Fig. 3. Avidity in antibody biology.

a | B cell receptors (BCRs) constitute antibodies expressed with a transmembrane region on the B cell surface. First-order avidity interactions induce BCR crosslinking and phosphorylation of the BCR-associated transducer molecules that recruit SYK and LYN tyrosine kinases, resulting in protein kinase C (PKC) activation, mitogen-activated protein kinase (MAPK) activation and calcium release. Second-order and third-order avidity binding of antibody-antigen immune complexes recruit FcγRIIB, which comprises an immunoreceptor tyrosine-based inhibitory motif (ITIM motif) that activates phosphatases and reduces BCR signalling. b | Fab-domain-mediated neutralization of pathogen structures, preventing interactions with host cells and blocking pathogen entry into the cell. Binding of a protective antibody against the repetitive P. falciparum circumsporozoite protein (PfCSP) epitope consisting of repeats of the amino acids NPNA is facilitated by second-order avidity Fab–Fab interactions between Fabs from neighbouring IgGs (bound in pairs).
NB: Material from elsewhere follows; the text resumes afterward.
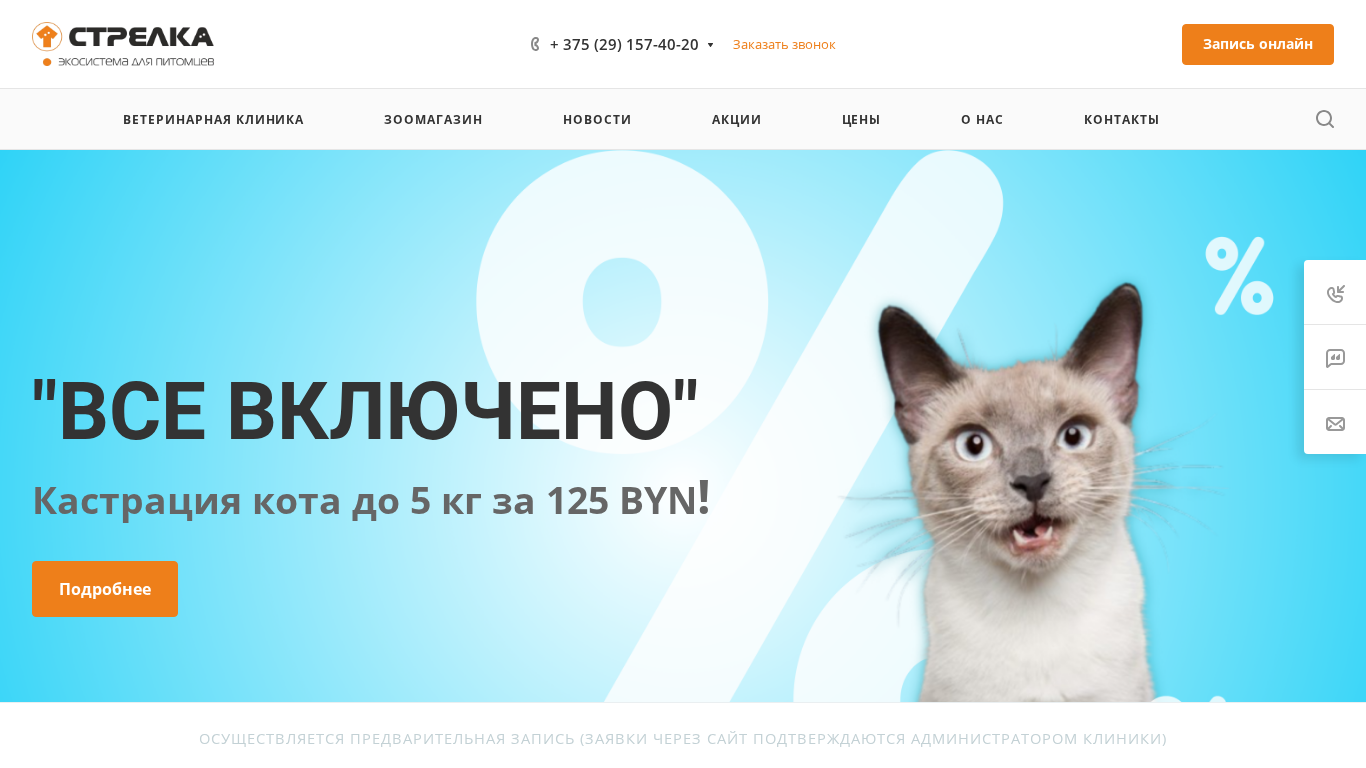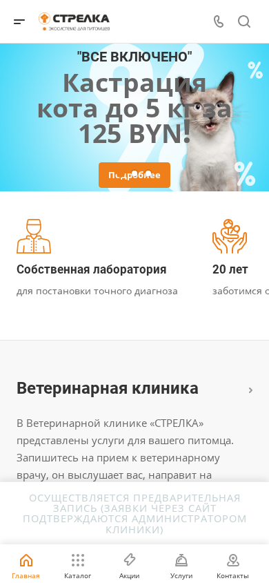 | SEO-описание | Сайт ветеринарной клиники в Минске Стрелка! ✅ Опыт работы более 20 лет! 🐾 Предлагаем услуги зоомагазина и ветеринарной медицины! ☎ Звоните: + 375 (29) 157-40-20! |

Neighbouring Fabs each bind a two NPNA repeat and are shifted 77° along the NPNA spiral, with five IgGs completing a full circle. The Fabs of the IgGs are oriented non-symmetrically in a repeating light chain-bottom/heavy chain-top orientation. facilitating Fab–Fab contacts (left). HIV-1 virions escape second-order avidity binding by sparse surface expression of HIV-1 envelope glycoprotein spikes. The neutralizing antibody 2G12 evolved a domain-swapped structure in which each heavy chain contacts both light chains, thereby creating a large rigid surface that facilitates avid binding of conserved carbohydrate clusters on the HIV-1 envelope spike (right). c | Clustering of immune complexes is initiated by IgG molecules that assemble into ordered hexameric structures through non-covalent Fc–Fc interactions, which facilitate third-order avidity binding and activation of C1 or intracellular signalling through recruitment of signalling molecules such as cIAP1 and TRAF2. IgG hexamer formation proceeds through recruitment of additional IgG molecules through second-order avidity interactions mediated by the Fc domains until ring closure. d | Antibodies that predominantly bind monovalently (such as those with moderate affinity or those engineered for monovalent binding) may elicit stronger effector functions because higher cell surface densities of Fc domains can be achieved. Part a adapted from ref.⁴¹, Springer Nature Limited.